TASK BRIEF -> All lines from the one containing "അപമാനങ്ങളും പ്രതിസന്ധികളും ജീവിതത്തിൽ" through the last line of the listing below are to be copied exactly. Exclude the pictures.

DATA BELOW ->
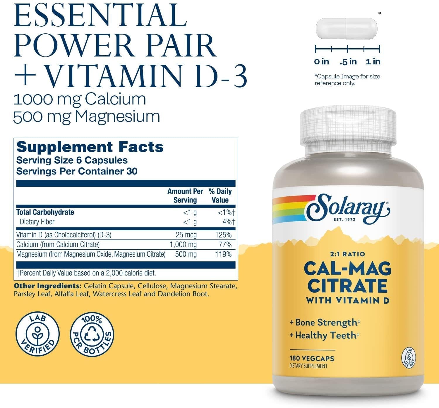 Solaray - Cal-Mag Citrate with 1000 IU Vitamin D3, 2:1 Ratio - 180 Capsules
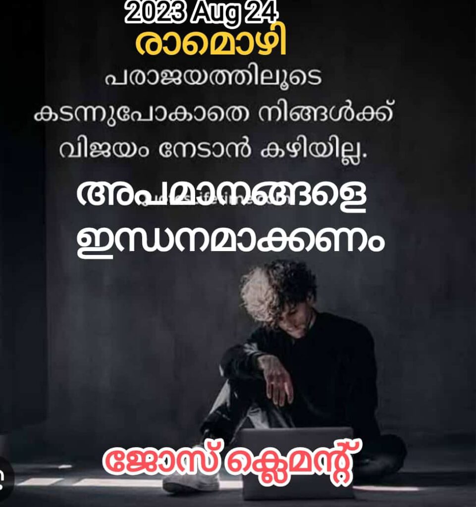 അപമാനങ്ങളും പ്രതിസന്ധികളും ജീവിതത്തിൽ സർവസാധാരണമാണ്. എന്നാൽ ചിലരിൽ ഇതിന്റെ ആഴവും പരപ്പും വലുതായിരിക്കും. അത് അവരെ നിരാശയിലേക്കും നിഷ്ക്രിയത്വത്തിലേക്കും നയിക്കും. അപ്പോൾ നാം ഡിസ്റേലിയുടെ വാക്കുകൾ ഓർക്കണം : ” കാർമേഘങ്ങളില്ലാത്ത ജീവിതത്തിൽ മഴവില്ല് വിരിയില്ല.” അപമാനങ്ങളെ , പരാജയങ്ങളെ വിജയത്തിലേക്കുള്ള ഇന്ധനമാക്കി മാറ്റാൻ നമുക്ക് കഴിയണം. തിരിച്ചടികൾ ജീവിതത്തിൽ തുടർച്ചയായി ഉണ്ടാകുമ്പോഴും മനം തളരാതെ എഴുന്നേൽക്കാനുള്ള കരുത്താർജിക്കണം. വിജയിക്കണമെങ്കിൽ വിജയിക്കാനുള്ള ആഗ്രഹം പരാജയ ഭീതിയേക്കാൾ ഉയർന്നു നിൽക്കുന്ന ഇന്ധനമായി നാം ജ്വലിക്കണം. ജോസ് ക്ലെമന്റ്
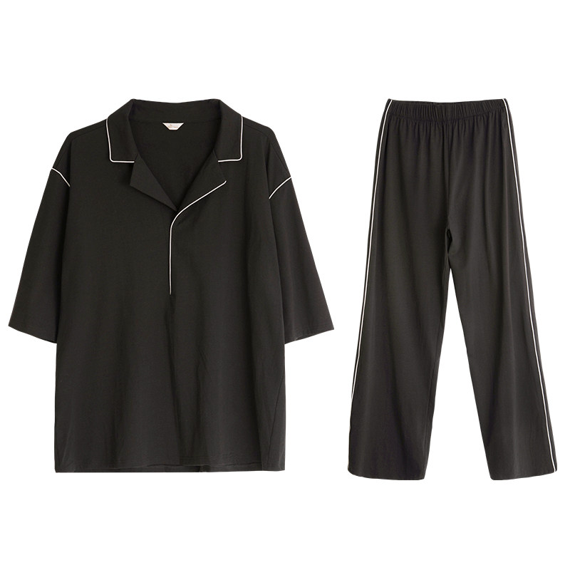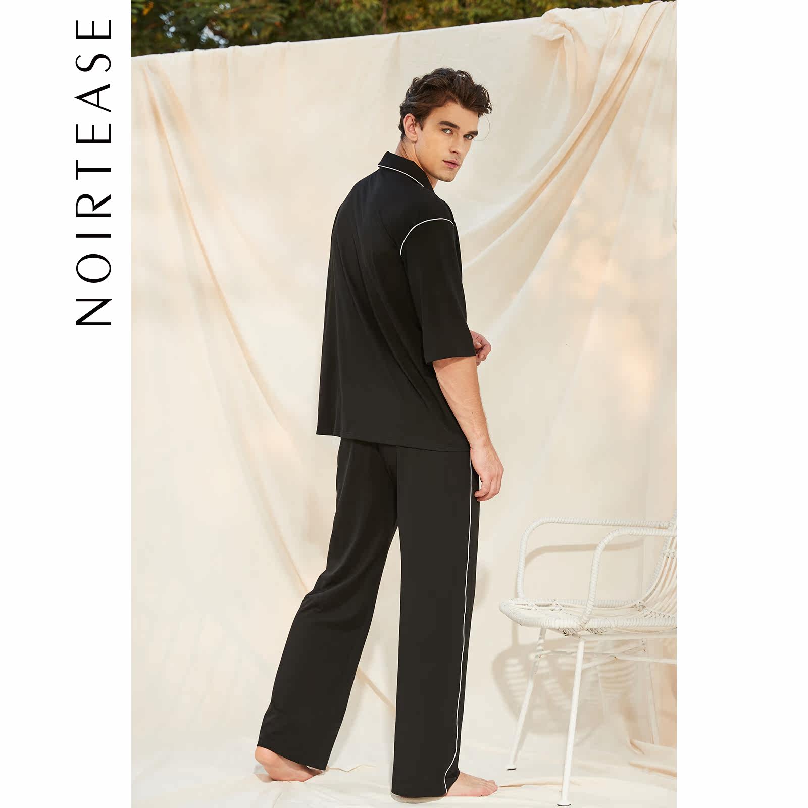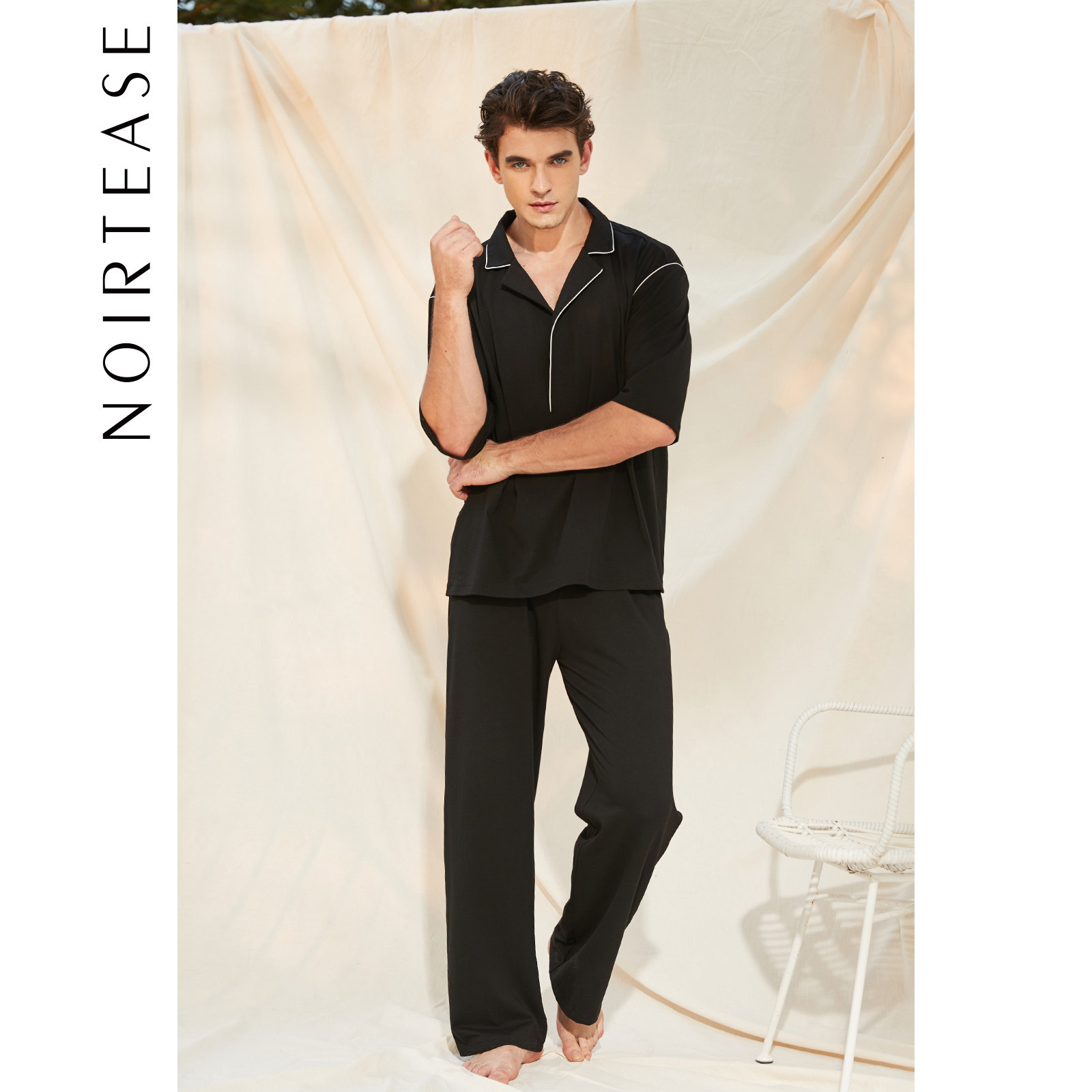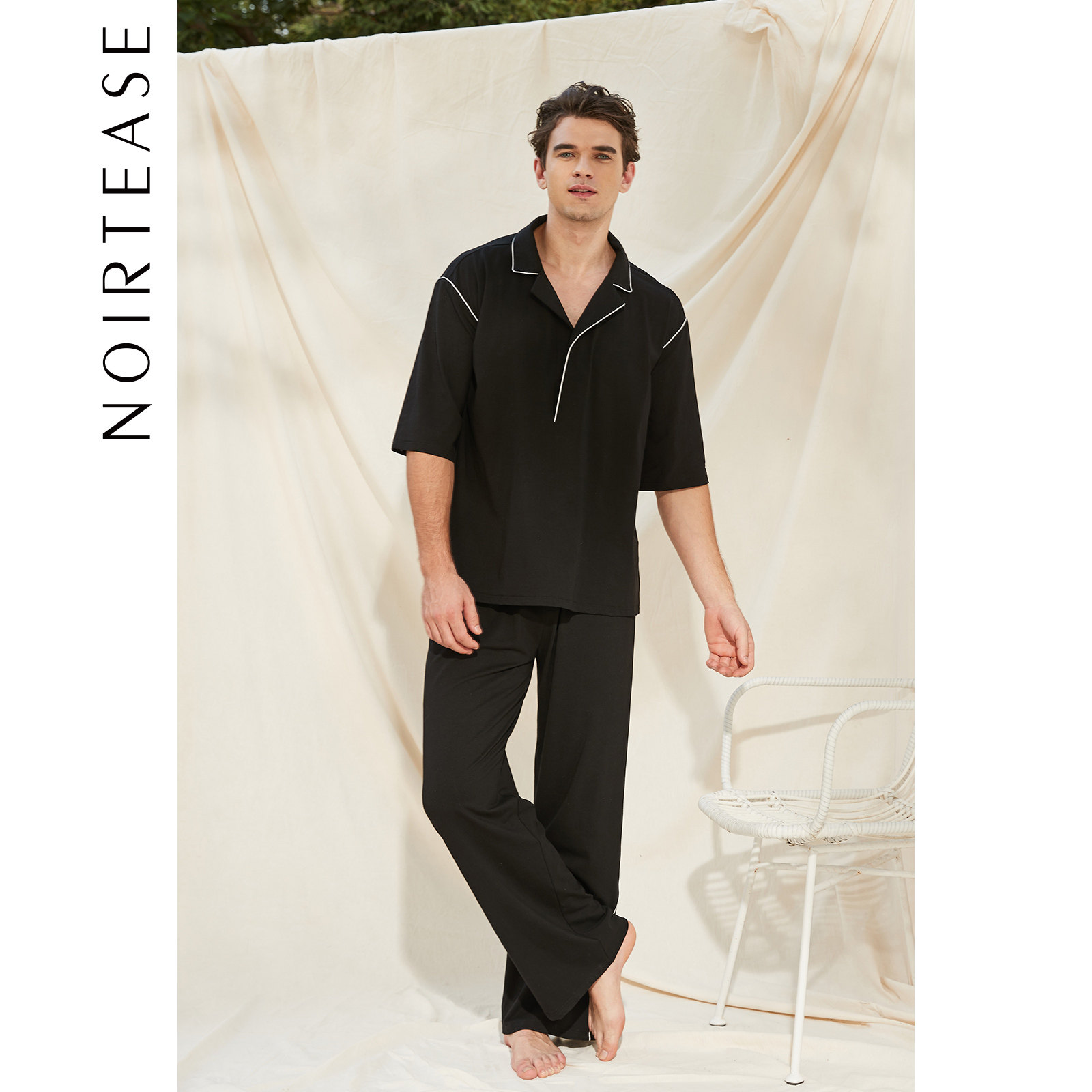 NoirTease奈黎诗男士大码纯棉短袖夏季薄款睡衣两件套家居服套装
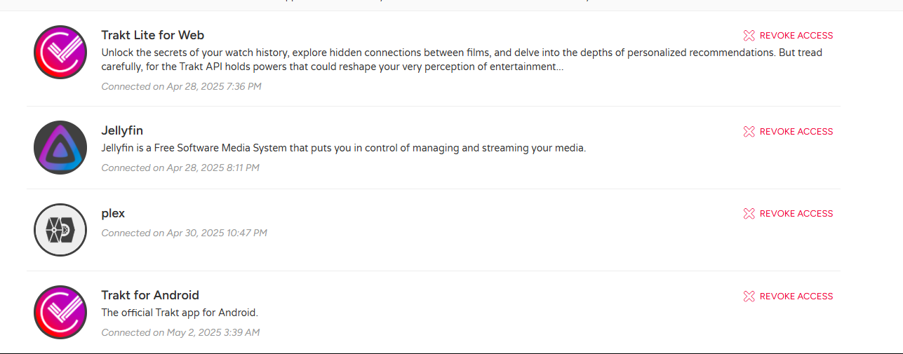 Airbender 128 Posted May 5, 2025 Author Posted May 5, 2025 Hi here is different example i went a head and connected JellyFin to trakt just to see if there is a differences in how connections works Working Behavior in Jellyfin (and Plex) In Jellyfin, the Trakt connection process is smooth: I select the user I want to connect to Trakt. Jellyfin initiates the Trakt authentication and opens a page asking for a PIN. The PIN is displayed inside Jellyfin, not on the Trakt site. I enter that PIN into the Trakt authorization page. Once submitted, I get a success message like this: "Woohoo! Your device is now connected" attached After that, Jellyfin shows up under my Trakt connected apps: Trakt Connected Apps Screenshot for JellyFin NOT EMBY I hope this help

EXERCISE ANSWER ->
 അപമാനങ്ങളും പ്രതിസന്ധികളും ജീവിതത്തിൽ സർവസാധാരണമാണ്. എന്നാൽ ചിലരിൽ ഇതിന്റെ ആഴവും പരപ്പും വലുതായിരിക്കും. അത് അവരെ നിരാശയിലേക്കും നിഷ്ക്രിയത്വത്തിലേക്കും നയിക്കും. അപ്പോൾ നാം ഡിസ്റേലിയുടെ വാക്കുകൾ ഓർക്കണം : ” കാർമേഘങ്ങളില്ലാത്ത ജീവിതത്തിൽ മഴവില്ല് വിരിയില്ല.” അപമാനങ്ങളെ , പരാജയങ്ങളെ വിജയത്തിലേക്കുള്ള ഇന്ധനമാക്കി മാറ്റാൻ നമുക്ക് കഴിയണം. തിരിച്ചടികൾ ജീവിതത്തിൽ തുടർച്ചയായി ഉണ്ടാകുമ്പോഴും മനം തളരാതെ എഴുന്നേൽക്കാനുള്ള കരുത്താർജിക്കണം. വിജയിക്കണമെങ്കിൽ വിജയിക്കാനുള്ള ആഗ്രഹം പരാജയ ഭീതിയേക്കാൾ ഉയർന്നു നിൽക്കുന്ന ഇന്ധനമായി നാം ജ്വലിക്കണം. ജോസ് ക്ലെമന്റ്
 NoirTease奈黎诗男士大码纯棉短袖夏季薄款睡衣两件套家居服套装
 Airbender 128 Posted May 5, 2025 Author Posted May 5, 2025 Hi here is different example i went a head and connected JellyFin to trakt just to see if there is a differences in how connections works Working Behavior in Jellyfin (and Plex) In Jellyfin, the Trakt connection process is smooth: I select the user I want to connect to Trakt. Jellyfin initiates the Trakt authentication and opens a page asking for a PIN. The PIN is displayed inside Jellyfin, not on the Trakt site. I enter that PIN into the Trakt authorization page. Once submitted, I get a success message like this: "Woohoo! Your device is now connected" attached After that, Jellyfin shows up under my Trakt connected apps: Trakt Connected Apps Screenshot for JellyFin NOT EMBY I hope this help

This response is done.